Stored data entries:
Content starts

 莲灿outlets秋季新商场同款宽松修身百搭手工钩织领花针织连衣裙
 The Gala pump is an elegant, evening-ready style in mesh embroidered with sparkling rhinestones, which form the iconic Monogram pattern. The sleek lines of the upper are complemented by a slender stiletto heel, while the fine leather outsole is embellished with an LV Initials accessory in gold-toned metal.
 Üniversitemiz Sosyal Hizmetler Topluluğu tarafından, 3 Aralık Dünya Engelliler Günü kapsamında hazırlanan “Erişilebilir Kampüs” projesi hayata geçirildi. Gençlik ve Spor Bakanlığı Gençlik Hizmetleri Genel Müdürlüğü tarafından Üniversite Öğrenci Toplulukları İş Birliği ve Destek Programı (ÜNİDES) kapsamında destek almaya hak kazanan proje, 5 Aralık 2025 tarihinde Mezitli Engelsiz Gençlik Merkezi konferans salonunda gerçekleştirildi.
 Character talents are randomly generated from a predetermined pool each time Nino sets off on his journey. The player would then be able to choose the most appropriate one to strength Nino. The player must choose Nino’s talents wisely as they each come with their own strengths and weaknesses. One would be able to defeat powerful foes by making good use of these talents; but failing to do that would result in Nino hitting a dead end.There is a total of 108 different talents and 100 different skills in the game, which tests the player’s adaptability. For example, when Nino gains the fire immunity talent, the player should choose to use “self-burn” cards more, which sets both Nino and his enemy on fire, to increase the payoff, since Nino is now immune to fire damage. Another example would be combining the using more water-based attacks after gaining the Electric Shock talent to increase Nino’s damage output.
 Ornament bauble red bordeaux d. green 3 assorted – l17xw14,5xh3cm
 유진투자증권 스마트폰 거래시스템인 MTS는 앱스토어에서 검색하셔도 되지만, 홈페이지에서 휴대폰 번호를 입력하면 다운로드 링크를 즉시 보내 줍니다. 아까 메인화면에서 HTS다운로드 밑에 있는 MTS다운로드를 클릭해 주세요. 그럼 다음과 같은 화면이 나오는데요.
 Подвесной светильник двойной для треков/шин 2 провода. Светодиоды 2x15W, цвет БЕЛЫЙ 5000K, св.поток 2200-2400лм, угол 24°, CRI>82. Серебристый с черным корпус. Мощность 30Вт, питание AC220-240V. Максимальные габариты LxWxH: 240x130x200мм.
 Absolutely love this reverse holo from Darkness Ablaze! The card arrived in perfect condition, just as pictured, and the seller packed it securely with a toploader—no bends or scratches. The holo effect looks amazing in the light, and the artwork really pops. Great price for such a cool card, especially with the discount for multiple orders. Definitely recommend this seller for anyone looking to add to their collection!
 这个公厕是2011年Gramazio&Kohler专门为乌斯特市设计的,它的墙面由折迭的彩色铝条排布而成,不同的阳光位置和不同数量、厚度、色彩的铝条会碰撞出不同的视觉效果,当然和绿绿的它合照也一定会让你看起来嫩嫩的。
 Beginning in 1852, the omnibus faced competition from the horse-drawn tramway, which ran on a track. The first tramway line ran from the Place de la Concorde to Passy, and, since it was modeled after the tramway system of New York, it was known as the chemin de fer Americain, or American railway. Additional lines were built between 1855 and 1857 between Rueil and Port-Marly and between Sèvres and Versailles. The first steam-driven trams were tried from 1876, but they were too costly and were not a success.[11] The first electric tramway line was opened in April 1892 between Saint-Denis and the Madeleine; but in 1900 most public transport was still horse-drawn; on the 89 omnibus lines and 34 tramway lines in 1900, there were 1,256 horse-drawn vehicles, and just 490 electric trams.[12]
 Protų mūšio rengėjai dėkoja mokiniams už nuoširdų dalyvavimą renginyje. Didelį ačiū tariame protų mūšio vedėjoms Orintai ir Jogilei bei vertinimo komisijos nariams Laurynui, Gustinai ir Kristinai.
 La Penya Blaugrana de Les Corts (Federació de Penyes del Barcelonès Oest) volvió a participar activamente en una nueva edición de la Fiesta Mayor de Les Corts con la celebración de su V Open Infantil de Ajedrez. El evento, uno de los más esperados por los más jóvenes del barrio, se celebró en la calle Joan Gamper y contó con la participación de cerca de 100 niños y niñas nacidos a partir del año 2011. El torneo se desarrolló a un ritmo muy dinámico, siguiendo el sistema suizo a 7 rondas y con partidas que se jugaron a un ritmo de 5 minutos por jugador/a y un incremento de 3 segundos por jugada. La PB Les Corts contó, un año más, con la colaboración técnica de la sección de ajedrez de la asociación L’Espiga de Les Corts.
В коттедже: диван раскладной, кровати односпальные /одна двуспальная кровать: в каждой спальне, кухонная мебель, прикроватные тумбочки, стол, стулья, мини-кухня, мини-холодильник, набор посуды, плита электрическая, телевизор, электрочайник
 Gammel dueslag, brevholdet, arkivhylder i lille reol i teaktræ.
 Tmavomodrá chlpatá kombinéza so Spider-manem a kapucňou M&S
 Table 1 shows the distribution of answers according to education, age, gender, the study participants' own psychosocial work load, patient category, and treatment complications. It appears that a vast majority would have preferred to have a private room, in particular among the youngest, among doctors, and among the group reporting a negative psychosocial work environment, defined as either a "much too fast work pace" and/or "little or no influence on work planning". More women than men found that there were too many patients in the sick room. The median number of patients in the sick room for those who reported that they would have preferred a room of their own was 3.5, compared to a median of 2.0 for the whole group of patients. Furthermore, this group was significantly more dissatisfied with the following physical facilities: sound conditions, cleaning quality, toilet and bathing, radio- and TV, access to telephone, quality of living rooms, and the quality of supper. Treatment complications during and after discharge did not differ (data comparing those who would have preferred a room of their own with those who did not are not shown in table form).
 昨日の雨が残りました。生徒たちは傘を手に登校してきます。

Content ends

EXERCISE AIM: Please output the exact lines of the records above, beginning with the first and stopping after the line that holds "The Gala pump", and nothing else.

COMPLETED EXERCISE:
 莲灿outlets秋季新商场同款宽松修身百搭手工钩织领花针织连衣裙
 The Gala pump is an elegant, evening-ready style in mesh embroidered with sparkling rhinestones, which form the iconic Monogram pattern. The sleek lines of the upper are complemented by a slender stiletto heel, while the fine leather outsole is embellished with an LV Initials accessory in gold-toned metal.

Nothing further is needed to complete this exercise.